- YOUR GOAL -
Every line from the one with "副校長先生の「山野の避難訓練" up to and including the one with "Junona Line hjørnekjøkken" is to be output exactly as it appears below; pictures are not.
Start of RECORDS TO USE
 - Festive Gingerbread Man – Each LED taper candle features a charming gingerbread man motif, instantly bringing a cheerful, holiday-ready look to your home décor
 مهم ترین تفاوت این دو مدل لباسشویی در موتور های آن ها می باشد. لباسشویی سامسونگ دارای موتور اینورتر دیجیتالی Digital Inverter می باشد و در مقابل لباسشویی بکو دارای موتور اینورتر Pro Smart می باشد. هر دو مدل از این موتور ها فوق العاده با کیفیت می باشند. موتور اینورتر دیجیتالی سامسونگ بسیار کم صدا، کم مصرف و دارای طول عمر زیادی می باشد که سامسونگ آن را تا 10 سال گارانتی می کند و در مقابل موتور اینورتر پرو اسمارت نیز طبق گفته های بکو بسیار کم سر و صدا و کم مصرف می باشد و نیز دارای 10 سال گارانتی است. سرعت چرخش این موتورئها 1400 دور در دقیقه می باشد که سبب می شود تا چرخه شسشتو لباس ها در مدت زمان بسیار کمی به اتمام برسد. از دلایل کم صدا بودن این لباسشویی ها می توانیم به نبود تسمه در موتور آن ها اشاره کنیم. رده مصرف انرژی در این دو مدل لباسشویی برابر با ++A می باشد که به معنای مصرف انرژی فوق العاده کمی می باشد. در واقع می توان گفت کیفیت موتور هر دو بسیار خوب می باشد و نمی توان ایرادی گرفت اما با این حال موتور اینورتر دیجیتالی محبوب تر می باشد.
End of RECORDS TO USE
Start of RECORDS TO USE
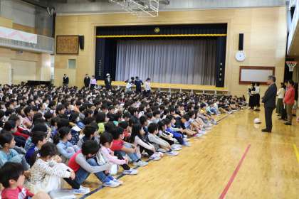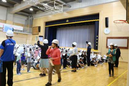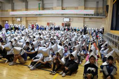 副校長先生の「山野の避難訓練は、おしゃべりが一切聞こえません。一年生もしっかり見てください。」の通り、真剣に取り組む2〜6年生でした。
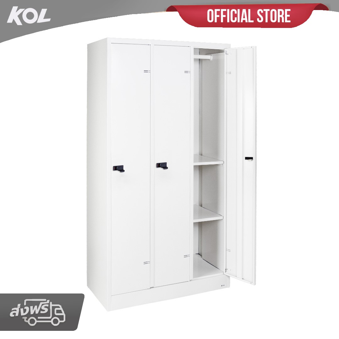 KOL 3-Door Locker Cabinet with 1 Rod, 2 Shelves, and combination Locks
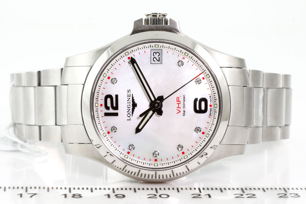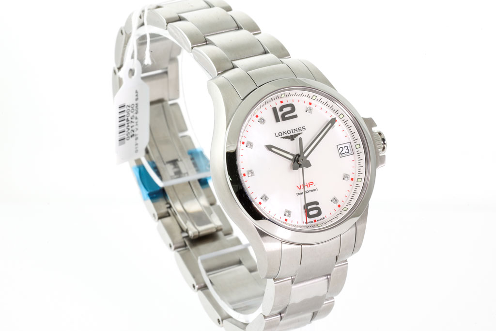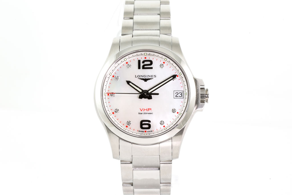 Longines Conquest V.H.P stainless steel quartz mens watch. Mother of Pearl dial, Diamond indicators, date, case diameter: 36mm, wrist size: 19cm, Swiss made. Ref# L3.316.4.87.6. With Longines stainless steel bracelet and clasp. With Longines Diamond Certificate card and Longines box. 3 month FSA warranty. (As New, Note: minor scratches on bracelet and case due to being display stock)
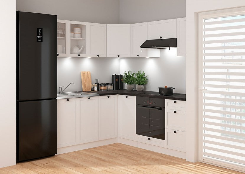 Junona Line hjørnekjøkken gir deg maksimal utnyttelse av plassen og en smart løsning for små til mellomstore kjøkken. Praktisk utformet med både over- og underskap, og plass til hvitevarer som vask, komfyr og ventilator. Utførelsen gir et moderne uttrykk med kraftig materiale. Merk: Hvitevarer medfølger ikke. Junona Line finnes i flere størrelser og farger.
End of RECORDS TO USE
- RESPONSE TO THE TASK -
 副校長先生の「山野の避難訓練は、おしゃべりが一切聞こえません。一年生もしっかり見てください。」の通り、真剣に取り組む2〜6年生でした。
 KOL 3-Door Locker Cabinet with 1 Rod, 2 Shelves, and combination Locks
 Longines Conquest V.H.P stainless steel quartz mens watch. Mother of Pearl dial, Diamond indicators, date, case diameter: 36mm, wrist size: 19cm, Swiss made. Ref# L3.316.4.87.6. With Longines stainless steel bracelet and clasp. With Longines Diamond Certificate card and Longines box. 3 month FSA warranty. (As New, Note: minor scratches on bracelet and case due to being display stock)
 Junona Line hjørnekjøkken gir deg maksimal utnyttelse av plassen og en smart løsning for små til mellomstore kjøkken. Praktisk utformet med både over- og underskap, og plass til hvitevarer som vask, komfyr og ventilator. Utførelsen gir et moderne uttrykk med kraftig materiale. Merk: Hvitevarer medfølger ikke. Junona Line finnes i flere størrelser og farger.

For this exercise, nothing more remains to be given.